Now, 529 years have passed since Chris got lost in the Greater Antilles and was found by the Taíno Indigenous people. 

At La Caleta, near the entrance to the Santo Domingo airport, there is a park that contains an ancient burial ground of the Taíno people, the original inhabitants of Quisqueya or Ayiti (the island the Spanish called Española).

Within 50 years of the Spanish arrival, the Taíno people had been wiped out. We have many of their words: names of places and rivers, along with words (some shared with other First Nations languages) that found their way into Spanish and English, including: barbacoa (barbecue), hamaca (hammock), kanoa (canoe), tabaco (tobacco), juracán (hurricane), plus the names of the staple of the Taíno diet, cassava or yuca. 

Two views of a (now controversial) statue of Christopher Columbus and the Taíno leader Anacaona in the central plaza of Santo Domingo, Dominican Republic.

The history of Taíno resistance is not lost 

The story of one woman, Anacaona, stands out. My friend Félix Posada of the Latin American Centre for Popular Communication (CEPALC) in Colombia wrote about her in the January-March 2010 issue of CEPALC’s magazine, Encuentro. (Wikipedia has some accessible articles too, but the best source is the work of Bartolomé de Las Casas, the priest who wrote everything that he saw and heard over the first 50 years of the 16th century.) 

When Columbus showed up in 1492, there were five Taíno chiefdoms (cacicazgos) and territories on the island, each led by a principal cacique (chieftain). 

Anacaona, born in 1464, was chief of Jaragua, the territory on the southwest part of island. Her husband Canoabo was chief of neighbouring Maguana. They had a daughter, Higuerota. 

From the time Anacaona was small, she distinguished herself by her intelligence and talent for composing and memorizing poetry that she recited in festivals, in the areitos (party, song, dance, and rhythm, all at the same time). 

The cazicazgos of Ayiti/Quisqueya.

When the Spanish arrived, they were received with a certain sympathy. But disillusion came quickly. Columbus left a group of men in what was called “Fort Navidad” (located between the mouth of the Guarico River and Picolet Point on the northwest coast of what is now Haiti) while he returned to Spain to report on his discovery. 

The 39 men left behind stole from the Indigenous communities, mistreated and raped the people, and tried to destroy the local culture. Anacaona convinced Canoabo and other chieftains to attack and destroy the Spanish fortress and the soldiers who lived there. The attack was devastating: the soldiers were killed. Canoabo was eventually captured and shipped to Spain, dying in a shipwreck during the journey. 

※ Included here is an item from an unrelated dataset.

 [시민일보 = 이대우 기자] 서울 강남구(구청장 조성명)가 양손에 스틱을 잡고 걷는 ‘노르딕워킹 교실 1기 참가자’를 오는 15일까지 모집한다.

Conflict, negotiation and treachery 

Columbus visited Anacaona and her brother Bohechío in Jaragua in late 1496. Columbus successfully negotiated for a tribute of food and cotton for the settlers under his command. Months later, Columbus arrived with a ship to collect part of the tribute. Anacaona and Bohechío sailed briefly aboard the ship in the Gulf of Gonâve, near today’s Port-au-Prince. 

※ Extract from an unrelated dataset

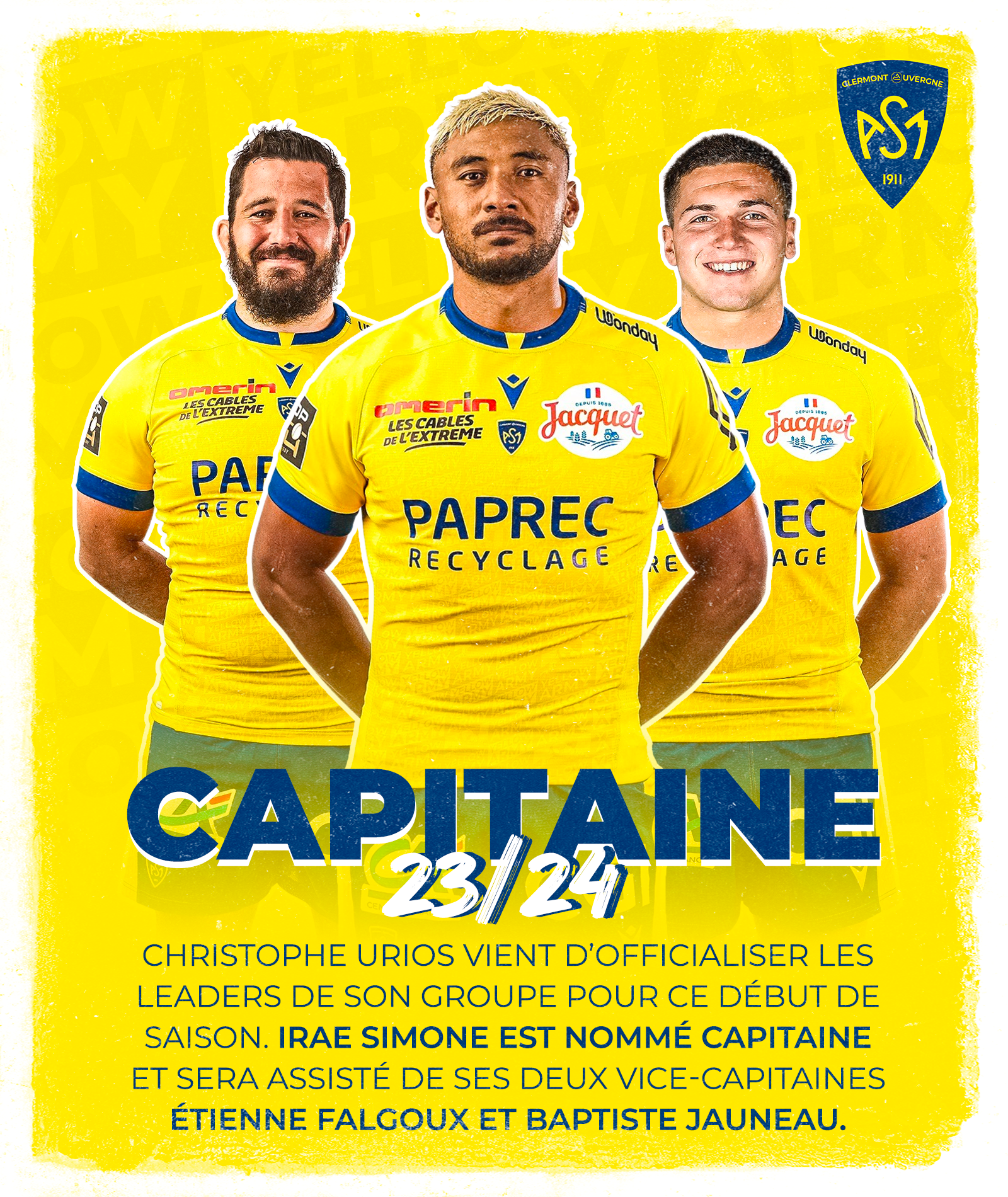 Christophe Urios et son staff ont décidé de nommer Irae Simone capitaine des Jaune et Bleu pour ce début de saison. L’international australien, Irae Simone, qui occupait déjà cette fonction lors des matchs de préparation est confirmé dans son rôle et sera assisté par Etienne Falgoux et Baptiste Jauneau, tous les deux vice-capitaines de l’équipe pour ce début de saison.

Very quickly, Española became the centre of European colonization in the Americas. Santo Domingo, the city that Columbus founded on the south coast of the island, became home to civil servants, soldiers, missionaries and investors who took the best land, sought to enslave the Indigenous people and imported African slaves. 

As the Spanish presence grew, rumours of rebellion swept the island. Anacaona was a leader of the resistance movement, and her efforts became known to the Spanish governor, Nicolás de Ovando. Ovando sent a message to Anacaona that he would visit her in a spirit of friendship. He arrived at Yaguana with 350 soldiers. Received as a guest with feasts and dances, he ordered his men to burn the community and to make its leader his prisoner. 

Anacaona managed to escape together with her daughter Higuemota, grand-daughter Mencía, and also with the cacique Hatuey.

But Anacaona’s freedom did not last long. She was captured by Ovando and, at age 39, was hanged in 1504. 

The administration of Ovando was a cruel one. When the Spanish arrived in 1492, the Indigenous population was estimated at 500,000. According to a census taken in 1507, the Indigenous population had been reduced to 60,000.